**Task to complete:**
Write out exactly, please, every line from the beginning of the entries to the line holding "La blusa Evermore", and no pictures.

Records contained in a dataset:
[Start of Attachment]
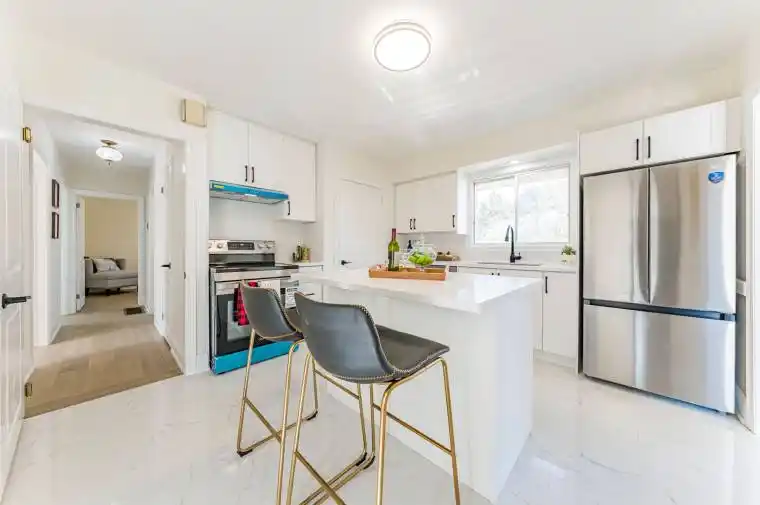 New Renovated & Move-In Ready Detached Home on a Rare Oversized 65 x 120 Ft Lot in Highly Sought-After South Burlington. Featuring modern upgrades with a clean, practical design and quality craftsmanship throughout.The home offers 3 spacious bedrooms and 2 full bathrooms with durable new finishes and a functional family-friendly layout. Major updates include a new roof (2025) and new furnace (2025) for added efficiency and peace of mind. The kitchen features new appliances including Refrigerator (2026), Cooktop (2026), and Dishwasher (2026). A brand-new rear door as separate entrance add convenience and flexibility.Enjoy a large private backyard with children’s play area, perfect for family living and entertaining. The extra-long driveway accommodates up to 8 vehicles, a rare feature in this neighbourhood.Excellent South Burlington location within walking distance to elementary and secondary schools, public transit, and the GO Station, with quick access to highways, bike paths, shopping, parks, and everyday amenities.
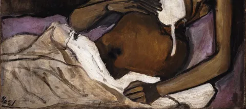 Neel often conveyed the struggles of poverty in her portraits. T.B. Harlem, in NMWA’s collection, depicts Carlos Negrón, the brother of the artist’s then-lover, suffering from tuberculosis. The disease spread easily across the overcrowded neighborhood of Spanish Harlem in New York City where Neel and Negrón lived. Neel’s 1940 portrait functions as a form of social activism with her empathetic portrayal.
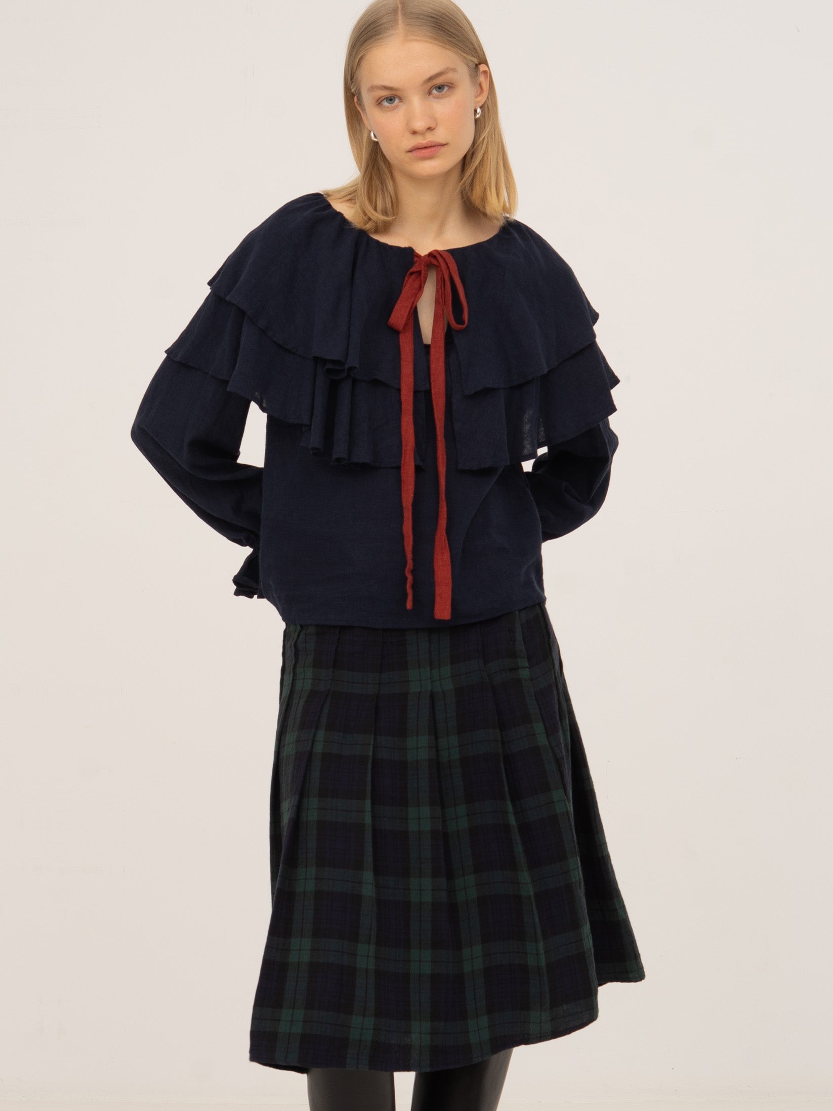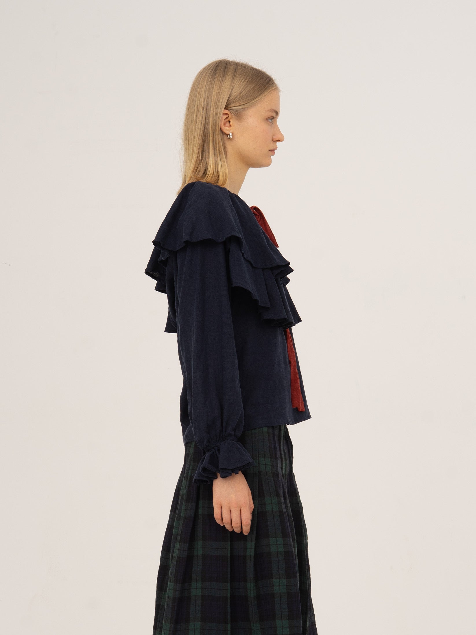 La blusa Evermore combina delicadeza y presencia en un diseño que destaca por su tono azul profundo y los volantes que enmarcan el escote con suavidad. Su cierre delantero mediante lazo en rojo añade un contraste vibrante y femenino, convirtiéndola en una prenda con carácter propio. Las mangas ligeramente abullonadas aportan volumen y una silueta actual, manteniendo la comodidad y fluidez en cada movimiento.
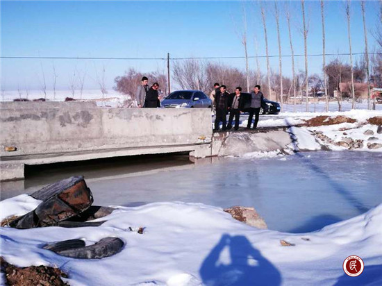 新疆民生网讯 (通讯员 赵颖)奇台县工商银行、农业银行、农发行、人民银行驻东湾镇根葛尔村工作队正式进驻当天,行李都没来得及收拾,就接到群众求助,五组的桥洞因结上了厚厚的冰,堵住了水道,严重影响排水,村民想尽了办法还是挖不动,任凭巨型“冰疙瘩”霸占通道。工作队获悉后,迅速来到现场实地勘察。
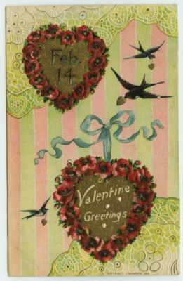 Title (ebay affiliate link): Vintage 1910 Embossed J Baumann Valentine Postcard Birds Floral Hearts
[End of Attachment]
**Answer to the exercise:**
 New Renovated & Move-In Ready Detached Home on a Rare Oversized 65 x 120 Ft Lot in Highly Sought-After South Burlington. Featuring modern upgrades with a clean, practical design and quality craftsmanship throughout.The home offers 3 spacious bedrooms and 2 full bathrooms with durable new finishes and a functional family-friendly layout. Major updates include a new roof (2025) and new furnace (2025) for added efficiency and peace of mind. The kitchen features new appliances including Refrigerator (2026), Cooktop (2026), and Dishwasher (2026). A brand-new rear door as separate entrance add convenience and flexibility.Enjoy a large private backyard with children’s play area, perfect for family living and entertaining. The extra-long driveway accommodates up to 8 vehicles, a rare feature in this neighbourhood.Excellent South Burlington location within walking distance to elementary and secondary schools, public transit, and the GO Station, with quick access to highways, bike paths, shopping, parks, and everyday amenities.
 Neel often conveyed the struggles of poverty in her portraits. T.B. Harlem, in NMWA’s collection, depicts Carlos Negrón, the brother of the artist’s then-lover, suffering from tuberculosis. The disease spread easily across the overcrowded neighborhood of Spanish Harlem in New York City where Neel and Negrón lived. Neel’s 1940 portrait functions as a form of social activism with her empathetic portrayal.
 La blusa Evermore combina delicadeza y presencia en un diseño que destaca por su tono azul profundo y los volantes que enmarcan el escote con suavidad. Su cierre delantero mediante lazo en rojo añade un contraste vibrante y femenino, convirtiéndola en una prenda con carácter propio. Las mangas ligeramente abullonadas aportan volumen y una silueta actual, manteniendo la comodidad y fluidez en cada movimiento.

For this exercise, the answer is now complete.